**What you are asked to do**
Give again, word for word, only the lines of the material below from its first line through the one that holds "This is a navy"; pictures stay out.

**Extracted material**
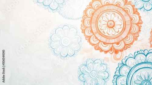 Abstract Floral Mandala Design in Pastel Blue and Orange Hues
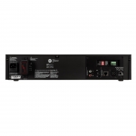 Активний інсталяційний підсилювач 19" 1U, 2 x 250 Вт. 2 входи на канал, подвійне живлення від змінного та постійного струму, пріоритетна схема. Частотний діапазон: 40 Гц - 16 кГц. Підсилювач класу D з високою ефективністю. Світлодіодні індикатори стану на передній панелі. Колір - чорний.
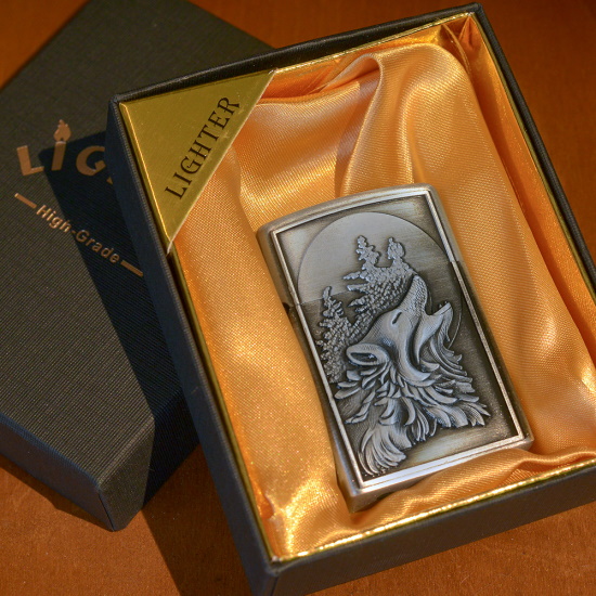 Зажигалка газовая турбо Волк серебро
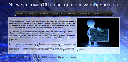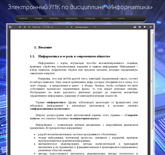 Целью данного дипломного проекта является разработка учебно-методического электронного комплекса (УМК) по дисциплине «Информатика».
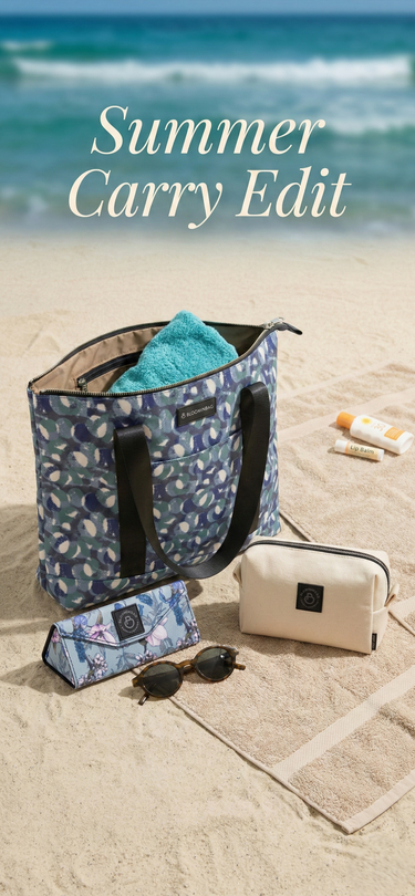 Eternal Circles Beach Tote, Butter Yellow Makyaj Çantası ve Cherry Blossom Gözlük Kılıfı ile plaj stilini tamamla.
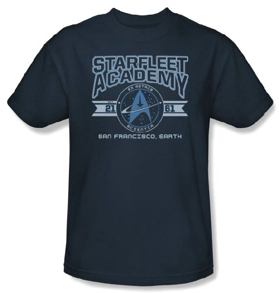 This is a navy blue t-shirt bearing the Starfleet Academy name above a classic Command logo and San Francisco, Earth with Est. 2161 on the edges, from the classic original Star Trek TV series. This is a 100% cotton design, new, never worn shirt. It has been stored in a smoke and pet free environment.
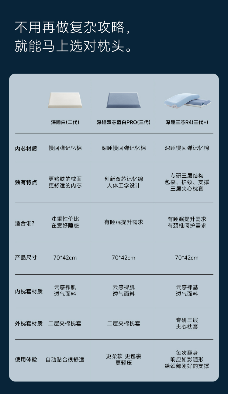 (总)可恩欣 2025新款酒店同款深睡慢回弹记忆枕 枕芯枕头 ,二代深睡枕(白)70*42*6cm,二代深睡枕(白)70*42*8cm ,二代深睡枕(白)70*42*10cm,二代深睡枕(白)70*42*12cm,三代pro双芯枕(蓝白)70*42*6cm,三代pro双芯枕(蓝白)70*42*8cm,三代pro双芯枕(蓝白)70*42*10cm,三代pro双芯枕(蓝白)70*42*12cm,二代蓝色礼盒纸箱/只,三代+深睡三芯R4 70*42*8,三代+深睡三芯R4 70*42*10,三代+深睡三芯R4 70*42*12,三代+深睡外枕套,三代+礼盒蓝纸箱/只

**Solution to the exercise**
 Abstract Floral Mandala Design in Pastel Blue and Orange Hues
 Активний інсталяційний підсилювач 19" 1U, 2 x 250 Вт. 2 входи на канал, подвійне живлення від змінного та постійного струму, пріоритетна схема. Частотний діапазон: 40 Гц - 16 кГц. Підсилювач класу D з високою ефективністю. Світлодіодні індикатори стану на передній панелі. Колір - чорний.
 Зажигалка газовая турбо Волк серебро
 Целью данного дипломного проекта является разработка учебно-методического электронного комплекса (УМК) по дисциплине «Информатика».
 Eternal Circles Beach Tote, Butter Yellow Makyaj Çantası ve Cherry Blossom Gözlük Kılıfı ile plaj stilini tamamla.
 This is a navy blue t-shirt bearing the Starfleet Academy name above a classic Command logo and San Francisco, Earth with Est. 2161 on the edges, from the classic original Star Trek TV series. This is a 100% cotton design, new, never worn shirt. It has been stored in a smoke and pet free environment.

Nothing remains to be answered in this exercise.